Australian book store chain

Collins Booksellers Pty Ltd is an Australian book store chain. It was founded in 1922 by Frederick Henry Slamen. The name Collins is from the original location of the first store, 622 Collins Street, Melbourne.

In 2020 the company consists of 24 franchised outlets under the brand name "Collins Booksellers" and 2 stores under the brand name "Hill of Content".

==History==
The company was founded by Fredrick Slamen at 622 Collins St in 1922 as a newsagency. It expanded into books when Slamen attempted to purchase the Hill of Content bookstore, opened by A.H Spencer. He was outbid by Angus & Robertson, and instead bought the building, evicted Angus & Robertson, and opened his own bookstore on the site.

Slamen died in 1961, and his widow inherited the business. It expanded into publishing with Hill of Content Publishing, which published translations and original works.

During the 1970s, the chain expanded rapidly, opening stores in New South Wales, the Australian Capital Territory, Western Australia and Queensland. However, in the late 1970s, it began to transition to opening new stores under franchise agreements.

In 1988, it opened a 'super bookstore' in Sydney, and stores in Sydney and Melbourne airports followed. However, by the early 2000s, it had changed leadership teams, and relocated its head office.
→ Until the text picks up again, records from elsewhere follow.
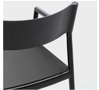
Oak Veneer Black Lacquer
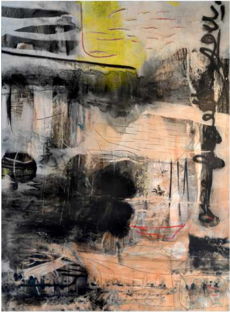
Michael Lotenero "Me Forgetting You" Acrylic & Charcoal on Canvas 96 x 72 inches
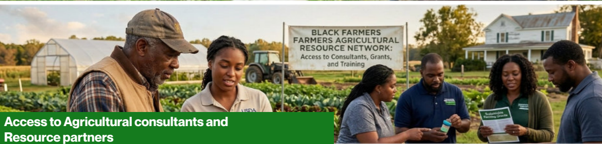
Access to Agricultural consultants and Resource partners
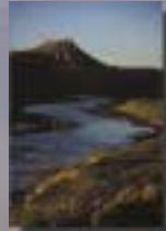
Medicine Bow River, threatened by coalbed methane drilling
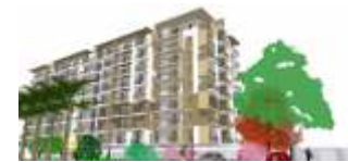
PARAS RESIDENCY Strachey Road
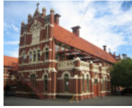
St Ignatius Church Richmond 3 May 2007 School North Wing
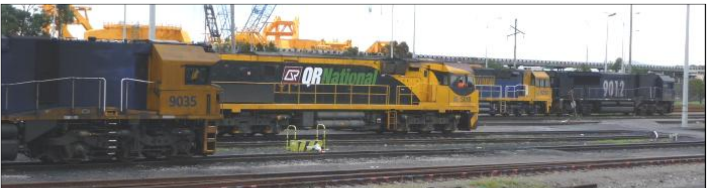
ABOVE: 9035, 5010 and a 92 class with 9012 all lined up for duties at Port Waratah.
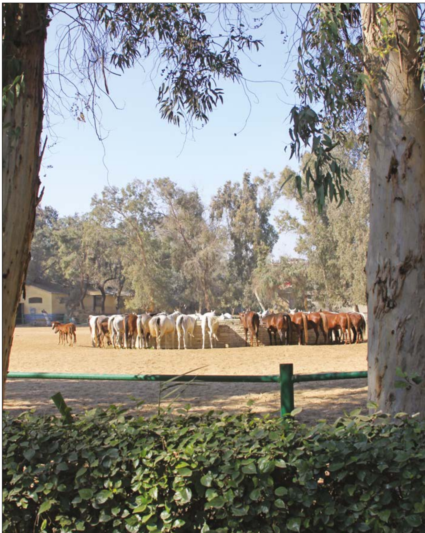
El Zabraa, the state stud of Egypt, is where the pasbas pooled the most refined horses they could find all over Arabia. The type they maintained here set world-wide standards
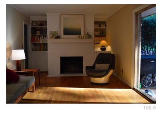
The morning sun brightens the even larger 23x11.2 ft Family Room in back with built-in bookshelves flanking a masonry fireplace.
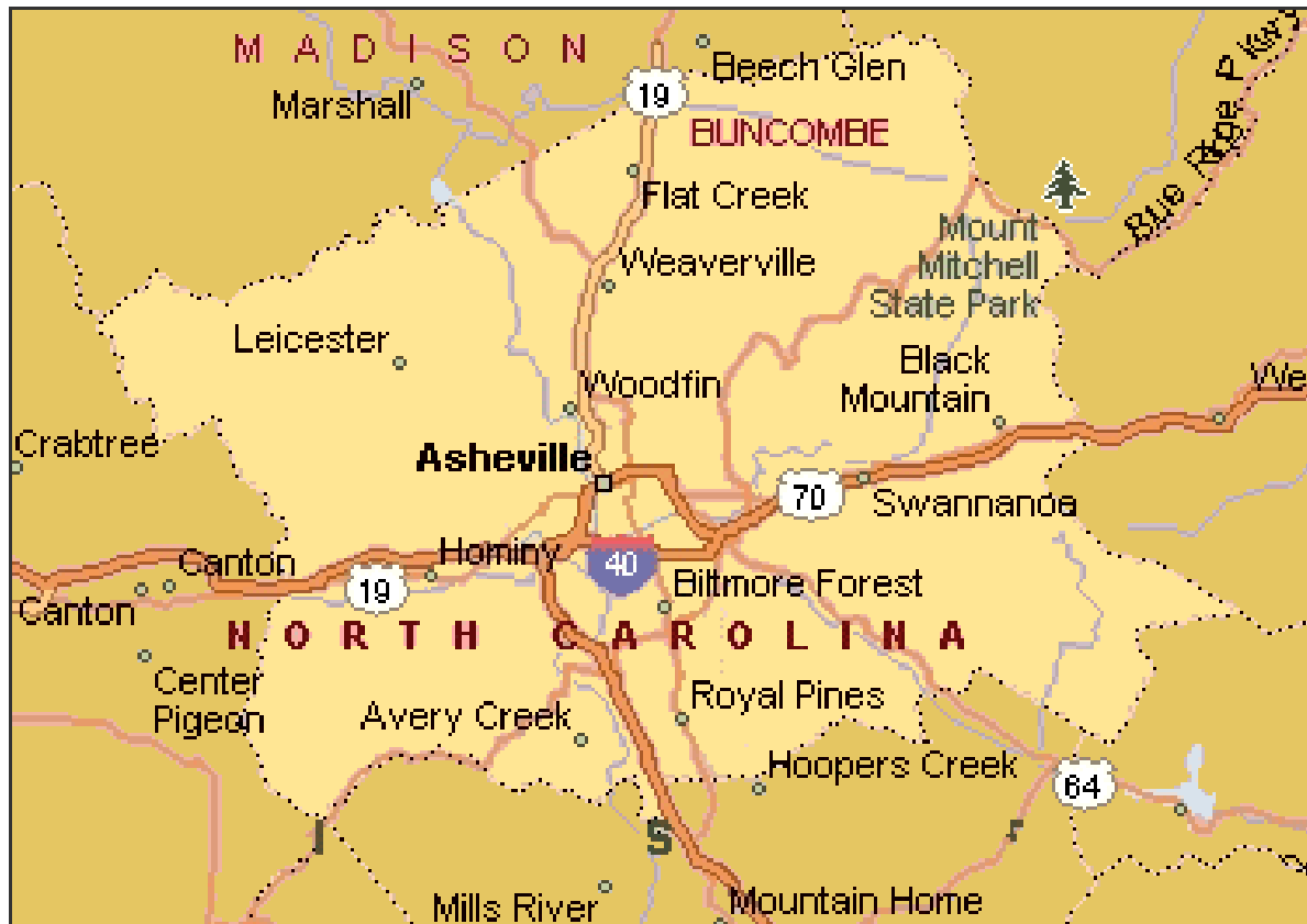
Buncombe, North Carolina.
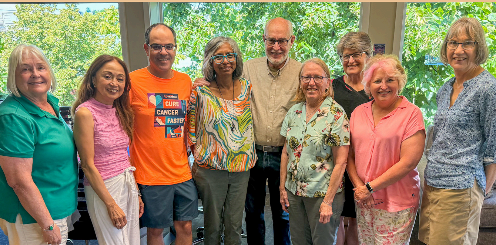
Photo: Some of our Companis board members. See a full list of our board on Page 8.

The company remained family owned until 2005, when it was placed into administration resulting in a franchisee buyout of 31 company owned stores.

In 2007, the chain acquired the troubled rival chain Book City. The combined chain had over 60 stores in Australia, along with 20 ABC Shops.

In April 2024, the Slamen family sold the freehold of the original Hill of Content store in Bourke St for $5.3 million. The Hill of Content bookstore would remain as tenant.